T is for Table
T extends Pandas Dataframes with a collection of table manipulation methods as well as statistical, machine learning, financial and EDA methods.
For example it integrates Bootstrap ReSampling statistical methods (a.k.a Hacker Statistics)
Basic Usage
Create a plain data frame
>>> df = pd.DataFrame( {
'user':['k','j','k','t','k','j']
,'period':['pre', 'pre', 'pre', 'pre', 'post','post']
, 'kpi':[13,12,2,12,43,34]
})
user | period | kpi | |
---|---|---|---|
0 | k | pre | 13 |
1 | j | pre | 12 |
2 | k | pre | 2 |
3 | t | pre | 12 |
4 | k | post | 43 |
5 | j | post | 34 |
Filter the rows that have the value “post” and from that select the columns “user” and “kpi”
>>> t.select( t.where(df, "period", "post"), "user", "kpi")
Note that alternativelly we can also use the Pandas pipe operator to chain functions, with the same result I’ve renamed “pipe” to “p” when the T library is included:
(df
.p(t.where, "period", "post")
.p(t.select, "user", "kpi"))
. | user | kpi |
---|---|---|
0 | k | 43 |
1 | j | 34 |
Calculate the mean’s confidence interval.

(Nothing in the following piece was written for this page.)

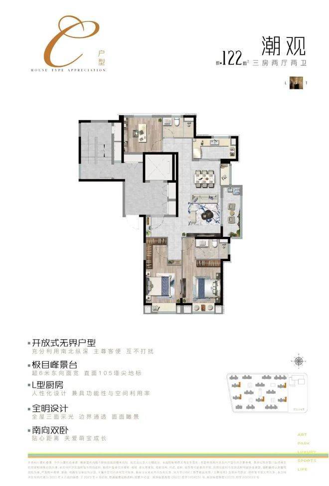 上实望海售楼处电话:400-8855-420✨【官方认证】✅✅✅120㎡户型为3房2卫,四开间朝南+横向的客餐厅带超大阳台的设计,让户型得房率出色,尺度感惊艳,适合改善型家庭。122㎡的边套户型拥有超6米的东向面宽,采光出色,且直面105塔尖地标,景观优势明显。

It includes plotting it.
>>> t.ci_mean(pd.DataFrame (np.random.normal(size=(37,2)), columns=['A', 'B']), 'A')
{'mean': -0.33, '95% conf int of mean': array([-0.64, -0.03])}
More Examples
https://github.com/al3xandr3/Data-Science-ipynb/blob/master/t%20is%20for%20table%20version2.ipynb
Run Tests
> cd "C:\path\my\projects\t"
> pytest